Anyone who's read this site for any length of time knows how I feel about Christopher Hitchens -- and just about everyone understood once his cancer diagnosis was made public that it was only a matter of time before we had to say goodbye to him. Today, unfortunately, is that day.
There's an almost comical irony to the fact that I can't even begin to find the words to properly explain the indelible mark that Hitchens's brilliance, fearlessness, and all-around larger-than-life presence has left on the world around him over the last six decades -- the irony being that those very words would likely come easily to him, and did, right up to the end. He lived his life with a kind of conviction few of us could muster, turning an intellect so virgorous that one would normally imagine it as a cold and sterile instrument into a weapon of pure human passion. He regularly challenged the expectations and sensibilities of even his fiercest defenders, forcing them, as he did everyone else, to accept that the mark of a truly exceptional mind was the willingness to not simply break with conventional wisdom but to sometimes angrily turn against the opinions of your idols. Put simply: Hitchens never expected you to agree with him all the time, even if you were someone who admired the way his brain worked and reveled in his ability to bring that genius to the page; on the contrary, he'd probably think quite a bit less of you if you did.

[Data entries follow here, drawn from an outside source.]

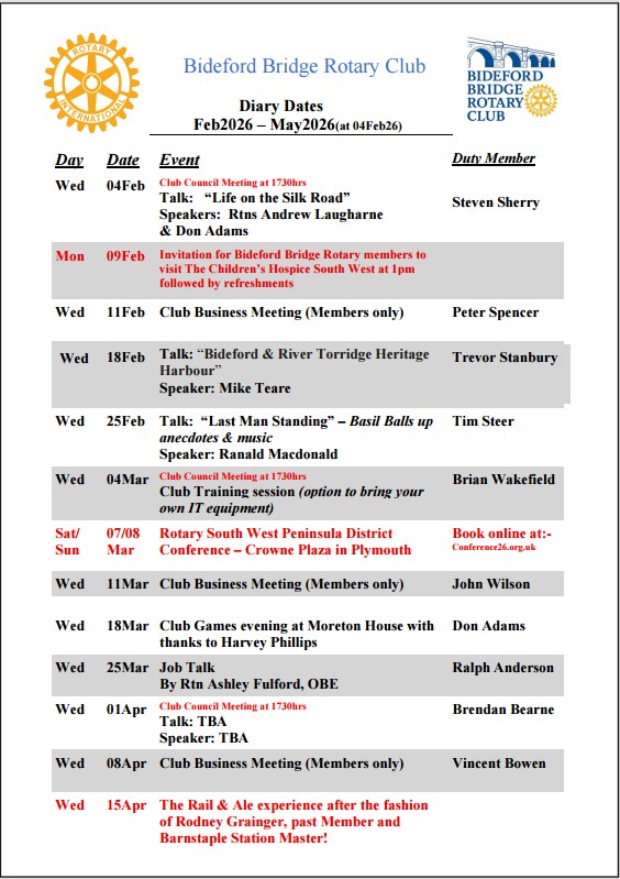 Updated club diary dates February through May 2026 updated 5th Feb 26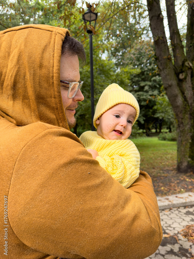 Man Holding Baby in Yellow Outfit Outdoors Autumn season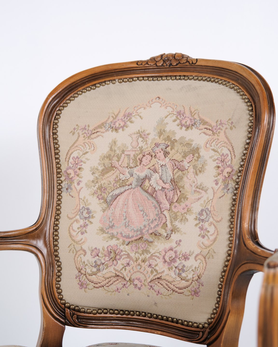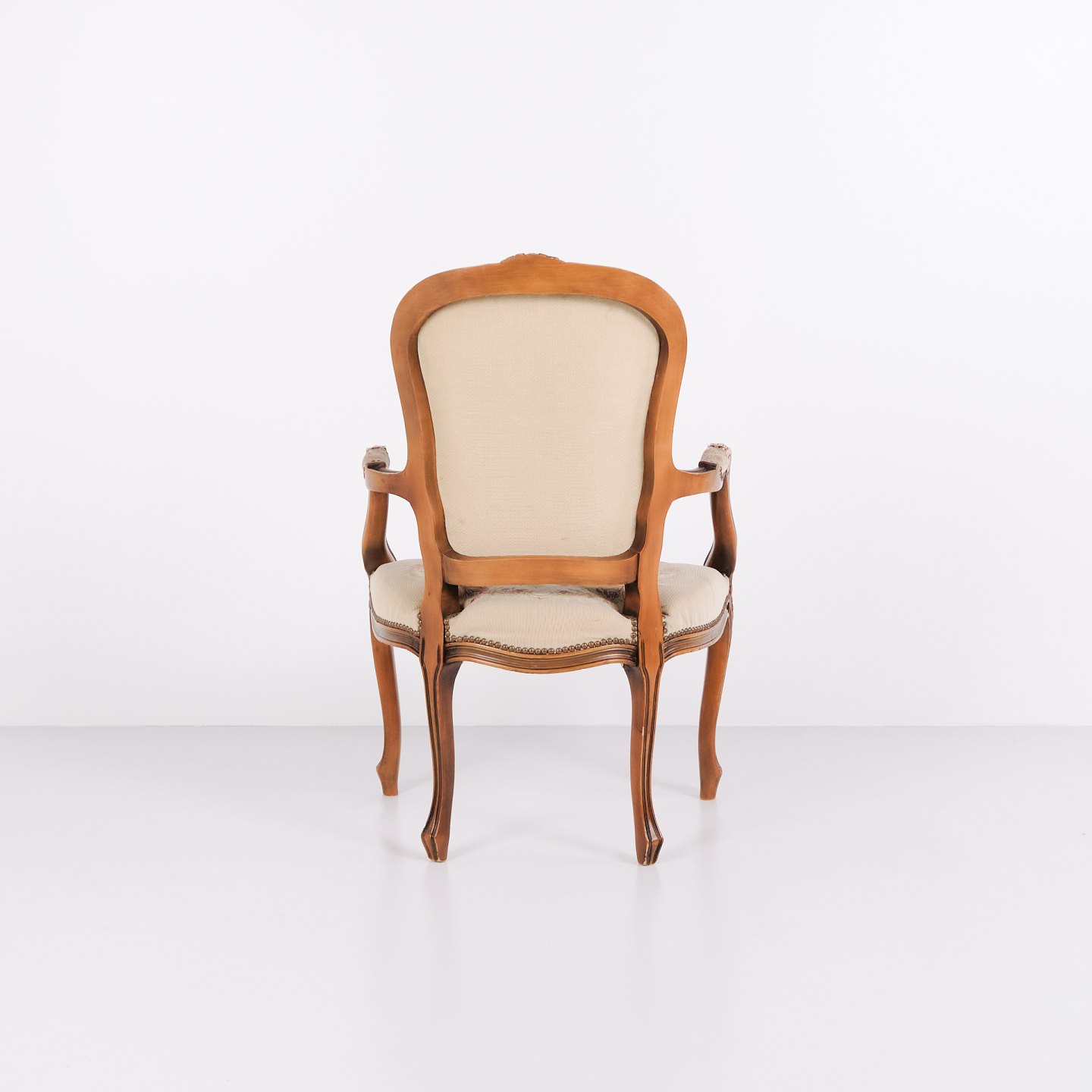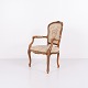 Neo-Rococo armchair from the 1930s with curved legs and patterned floral fabric. Classic and decorative piece of furniture in an elegant style.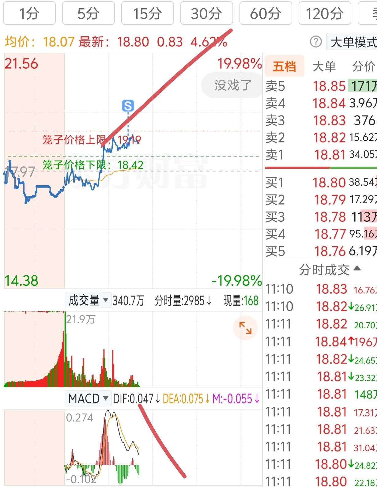 $网宿科技(SZ300017)$ 注意风险分时背离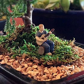 Terra Folk are "quirky little folks" for terrariums and miniature and tabletop gardens. Original handcrafted pewter cast figures are hand painted by artisans in the United States. Each is made with a unique stem (patent pending) for support in all types of terrain. With 16 "folks" available, the line features tiny people doing ordinary yet amusing activities. Pictured here is "Alex's Big Break," a 1-inch figure (not including the 3/4-inch stem.) All are customizable with light and dark skin color and varying hair colors.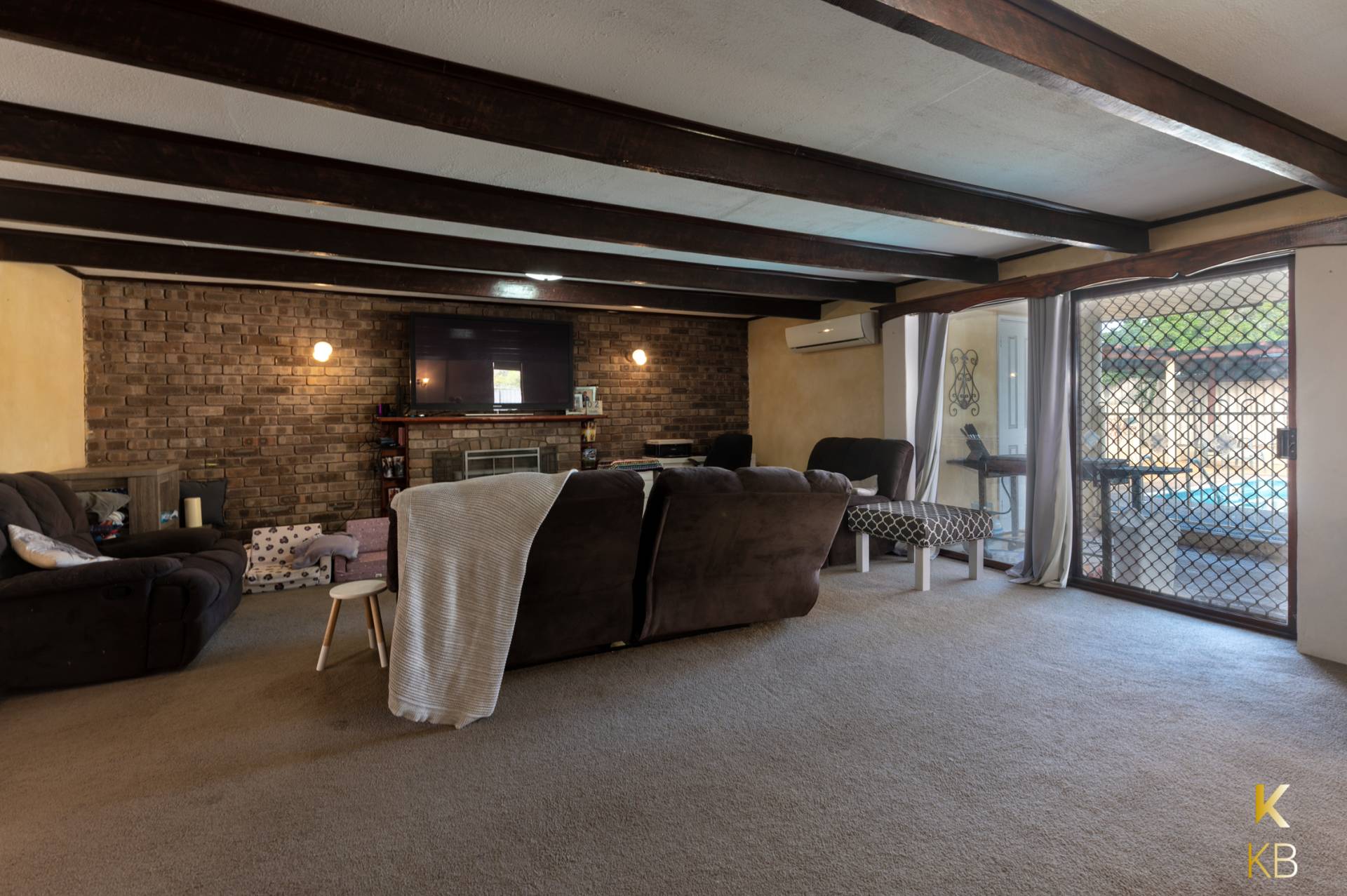 * Huge sunken family room with exposed beams, brick feature wall & r/c air con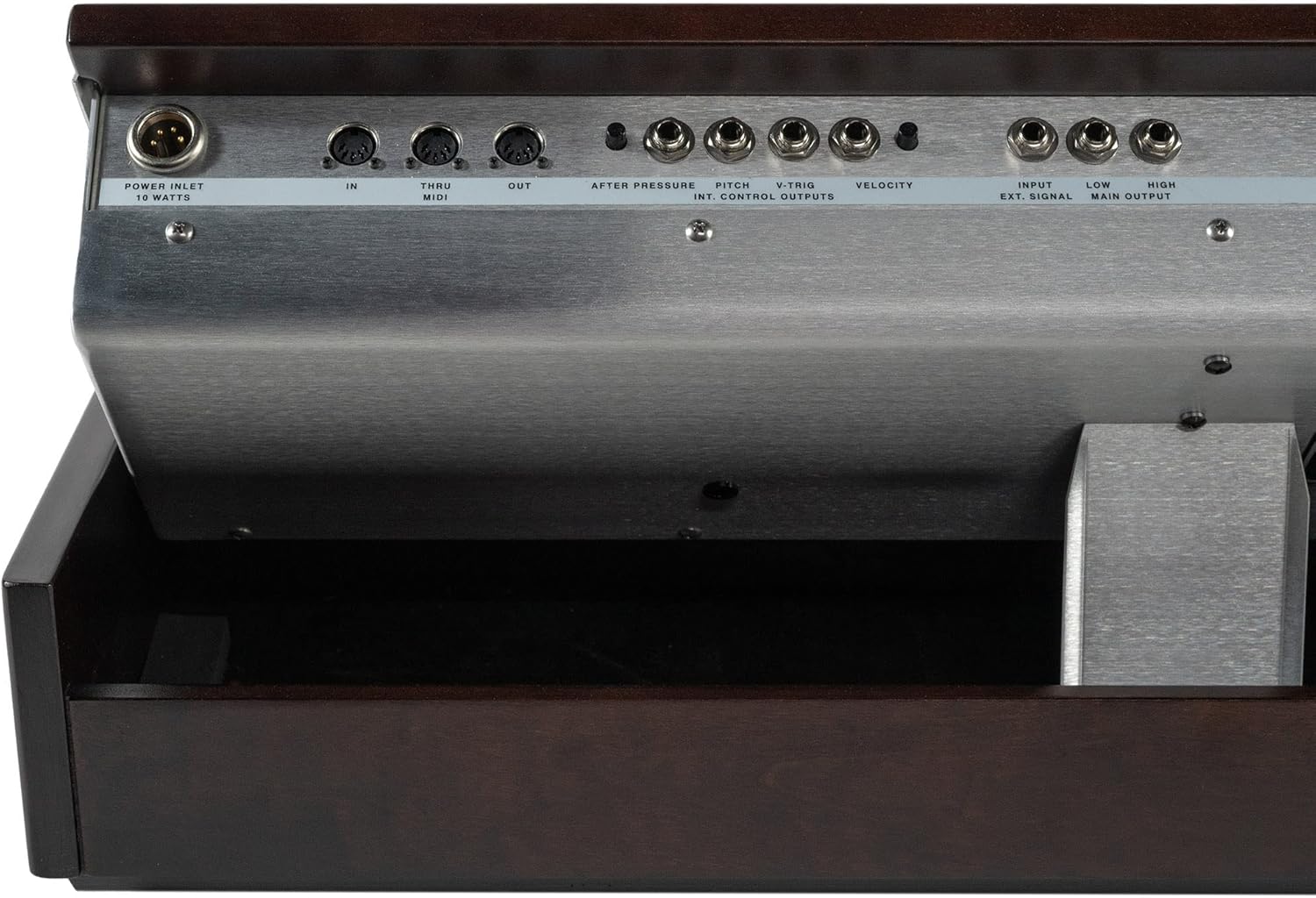 These modifications include a dedicated analog LFO with triangle and square waveshapes, a premium Fatar keybed with velocity and after pressure available via top panel CV jacks with onboard trimpots, MIDI integration.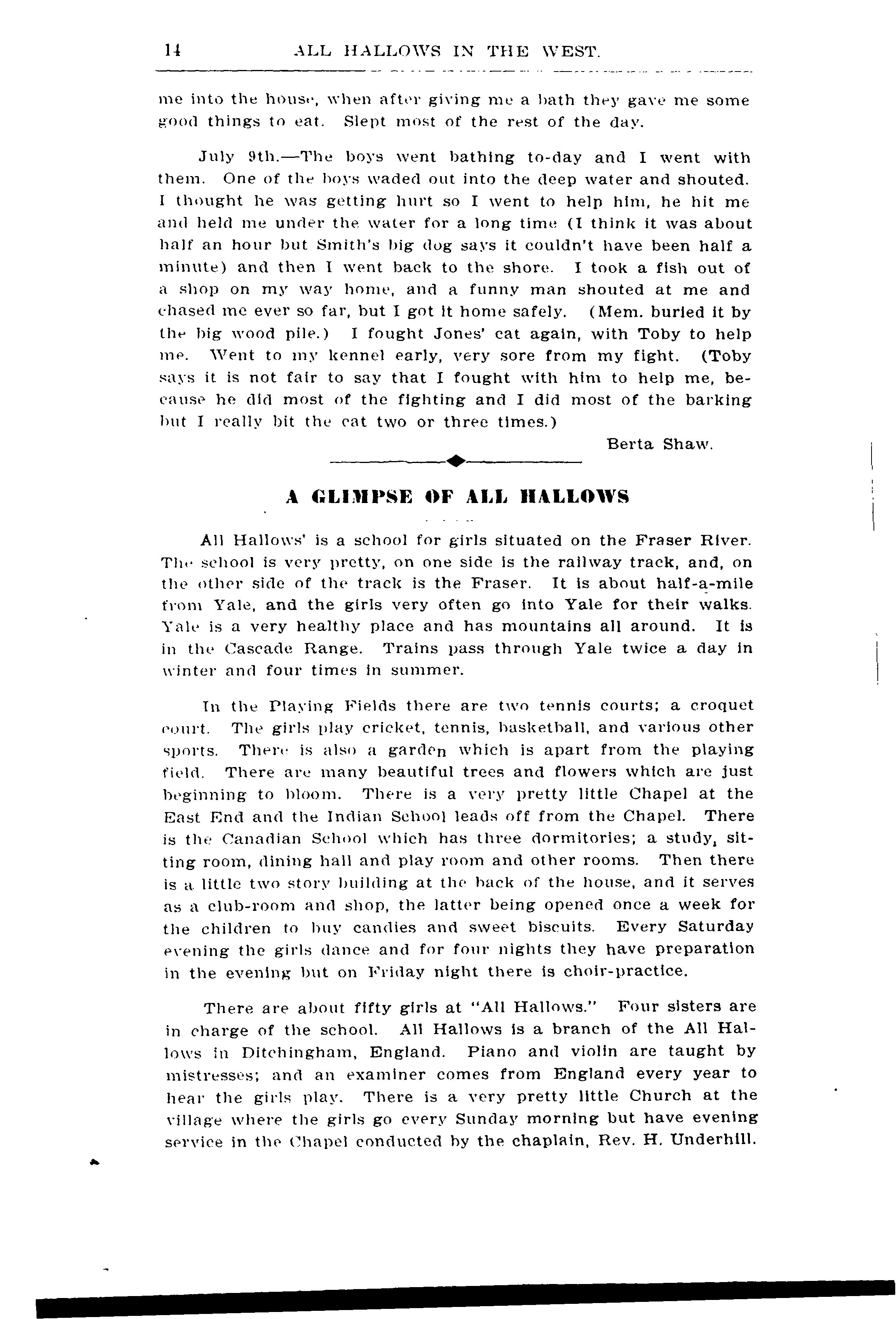 Yale, B.C. : All Hallows' School, [1909]; 35 images avec recherche en texte intégral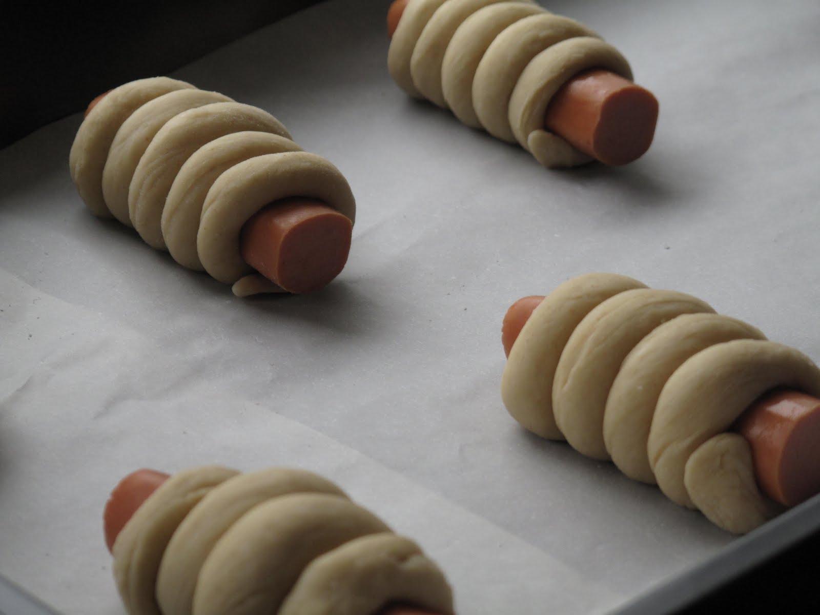 7. Prepare parchment paper. Roll into long worms, stretch it a bit and wrap around frankfurter. Try to leave both ends at the bottom.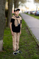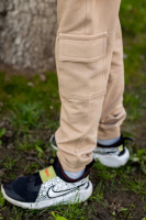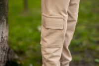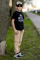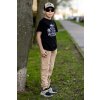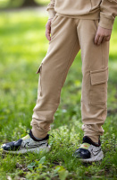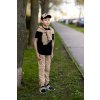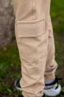 tištěný střih na dětské tepláky kapsáče. Střih má zúženou siluetu nohavic , které zdobí nakládané kapsy s patkami . Dále střih obsahuje klínové kapsy a falešný poklopec, který dává teplákům vzhled klasických kalhot.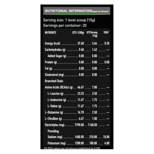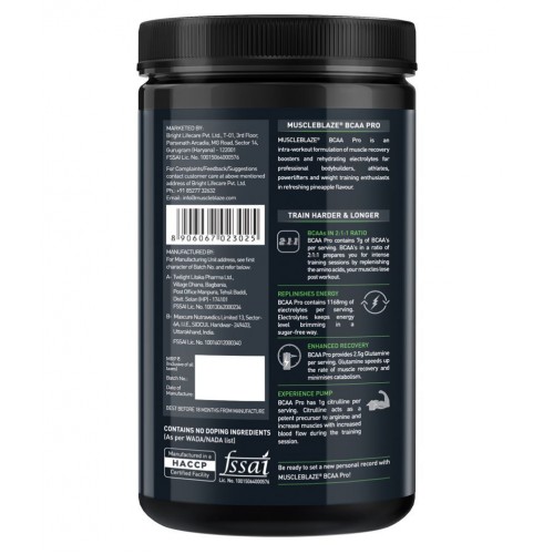 MuscleBlaze BCAA Pro is an intra-workout formulation of muscle recovery boosters and rehydrating electrolytes for professional bodybuilders, athletes, powerlifters and weight training freaks. The unique mix of Branched Chain Aminos, Glutamine and Citrulline Malate in refreshing watermelon flavour lets you train harder and longer, without getting tired.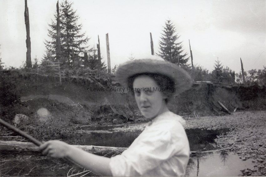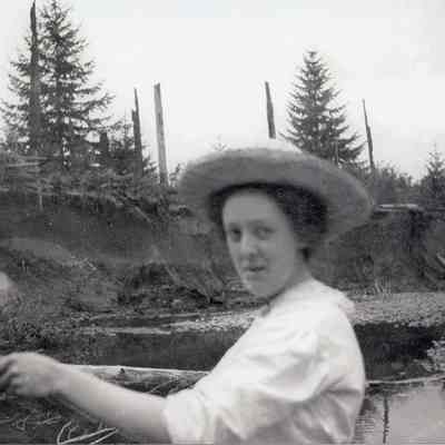 No identification on this young woman fishing in a creek. From the W. F. West Jr. collection. b&w 2011.17Lexicon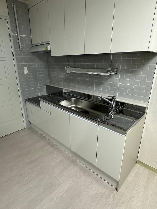 다음으로 주방을 소개해 드릴게요. 집이 워낙 좁다 보니 화이트 주방은 선택이 아닌 필수였습니다. 덕분에 화이트에, 무광에, 보편적으로 말하는 '주방에서 꼭 피해야 하는 컬러와 재질'을 모두 가지게 되었지만요.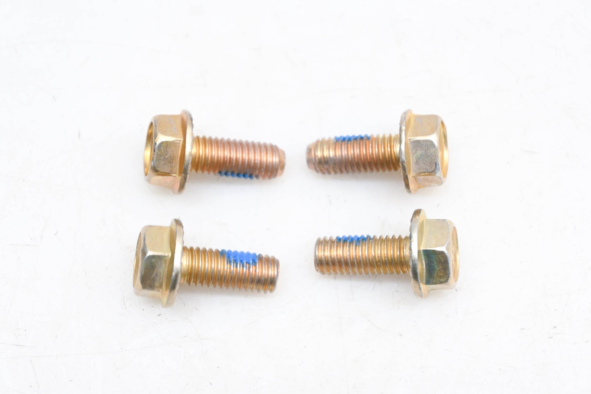 4 Gold Hex Serrated Flange M8-1.25 x 20 Screws are new and in excellent condition, not in original packaging. Screws are 8.8 grade.

Sometimes it felt like he argued simply for the sake of arguing, but he was never some grotesque and gratuitous provocateur, pushing buttons in the hope of drawing attention that would be its own reward; his militant intelligence, scalpel wit and irrepressible tongue never felt self-serving. What Hitch was doing -- always doing -- was flexing a muscle so fucking powerful that, like the many other unabashedly human impulses he exhibited, not even he himself could completely control it.
In the end, Christopher Hitchens was something few of us can claim to be -- a completely honest man. Honest in his beliefs. His faults. His vices. Intellectually honest. And what he may be remembered best for: honest in his willingness to voraciously live the one and only life he knew he had.